PITTSBURGH — William Buford sat in the corner of Ohio State’s locker room with a look of frustration on his face.

The Buckeyes (28-7) had just defeated Loyola-Maryland by 19 points in the opening round of the 2012 NCAA Tournament, but inside the locker room, it didn’t feel like a win, a's t least not the kind of win this OSU team was hoping for to jumpstart a deep tournament run.

“We have to respond to this game as if we lost,” sophomore guard Lenzelle Smith, Jr. said.

For some reason, this team seems to respond better when its back is against the well—like being down two games with two to play, both of them on the road in the regular season.

Even as they open the tournament, the Buckeyes are still battling the thin line between finding confidence in themselves and coming into a game feeling overconfident. Sophomore Jared Sullinger attributed some of that to the youth of this squad, but not all of it.

“Whenever this team starts doing well, we tend to step back and admire ourselves,” Sullinger admitted after the game.

The Buckeyes are a No. 2-seed in the tournament and they were favored by 17 points in their opening-round game against 15-seed Loyola, a team most of the players on Ohio State's roster had never heard of.

“We weren't dialed in. We came out and saw who we were playing and, even from warm-ups, guys weren't taking it serious,” Smith said.

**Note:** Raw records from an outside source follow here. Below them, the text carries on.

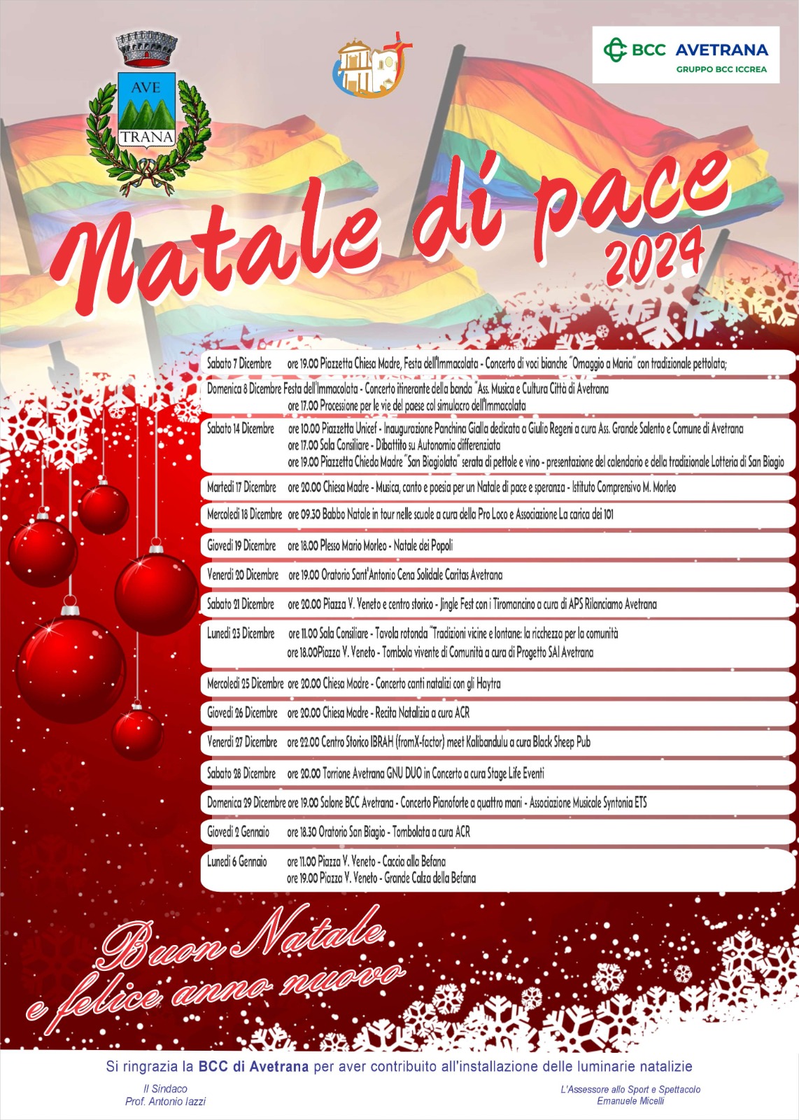 «Il Comune di Avetrana è riuscito a realizzare questo programma grazie alle associazioni locali, commercianti, istituto comprensivo “M. Morleo” e Unità Pastorale, siamo riusciti a realizzare questo programma» le parole dell’assessore Micelli. «Anche quest’anno, il messaggio che si vuole lanciare è quello della Pace».
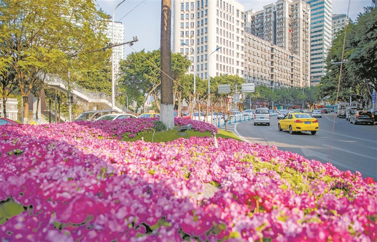 本报讯 (记者 晏艳辉)日前,记者从区城管局获悉,为进一步提升城市颜值,美化市民出行环境,我区在中山四路沿线“上新”5万余盆当季鲜花,让市民、游客推窗见景,不出远门就能欣赏百花绽放的景象。
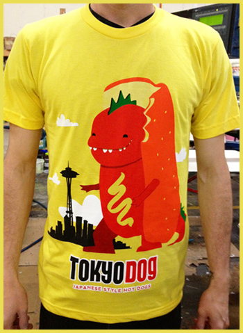 I spotted this ‘Tokyo dog’ truck here on 15th Ave on Capitol Hill. If I find it again I will try their Shinjuku veggie dog : apple sauce sausage with butter teriyaki onions, wasabi mayo and nori (seaweed).And here is a t-shirt that’s for sale from their website. Looks to me like a play on Godzilla – that gargantuan ‘dog’ stalking the Space Needle.
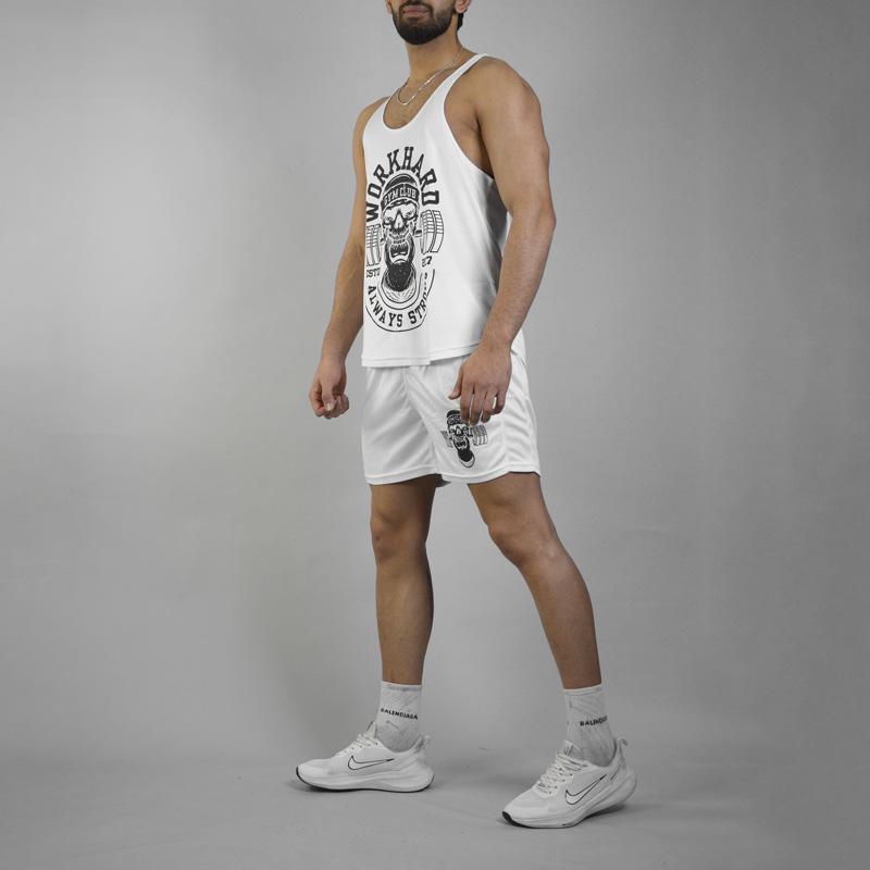 ست رکابی و شلوارک ورزشی مردانه جیم کلاب مدل PY-2B1456 سفید سایز
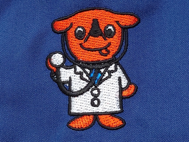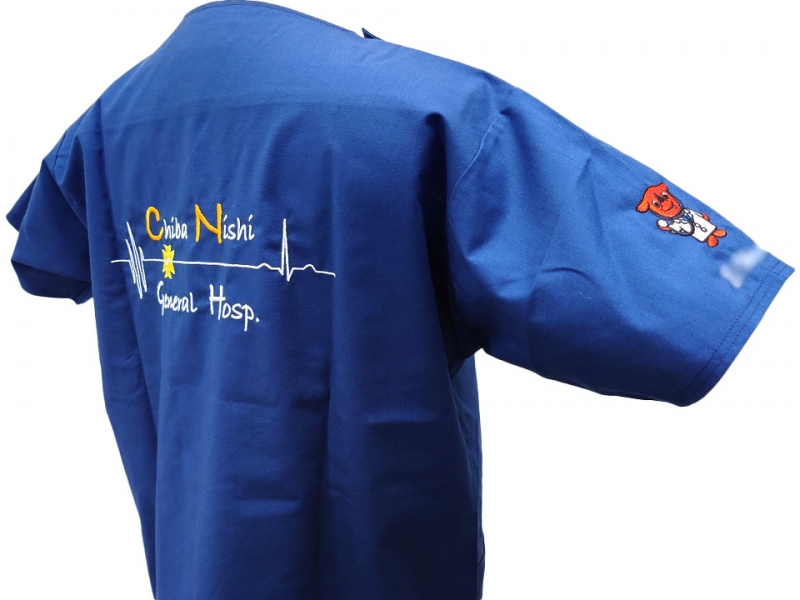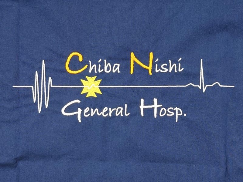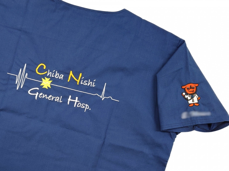 右袖にドクターをイメージしたチーバくんのデザイン刺繍とネーム刺繍、背中に心電図の波形と手書き風フォントの病院名を組み合わせたデザイン刺繍を入れさせていただきました。

“But it was a wake up call. Saturday we know we’re not going to have a game like this.”

Not after the way 7-seed Gonzaga dismantled 10-seed West Virginia in its opening game of the tournament at the Consol Energy Center in downtown Pittsburgh.

“We know they are going to come out hard after us after watching a performance like this,” Smith said.

“They think we’re going to be vulnerable.”

Maybe they are.

If not for a historic performance from Deshaun Thomas, the Buckeyes would have found themselves in a fight for their lives against the Greyhounds Friday night.

The sophomore out of Fort Wayne, Ind. scored a career-high 31 points and grabbed 12 rebounds—one shy of tying a career-high—in Ohio State’s 78-59 win over Loyola. Thomas was 13-22 from the floor and scored from just about everywhere on the court, becoming just the fifth player in OSU history to score 30 points in an NCAA Tournament game.

“Deshaun was excellent on the boards and also scoring the basketball,” Sullinger said of Thomas, who joined Jerry Lucas as the only Buckeyes to go for 30 and 10 in the tournament.

“He pretty much carried this team. I don’t think we would have won it without him.”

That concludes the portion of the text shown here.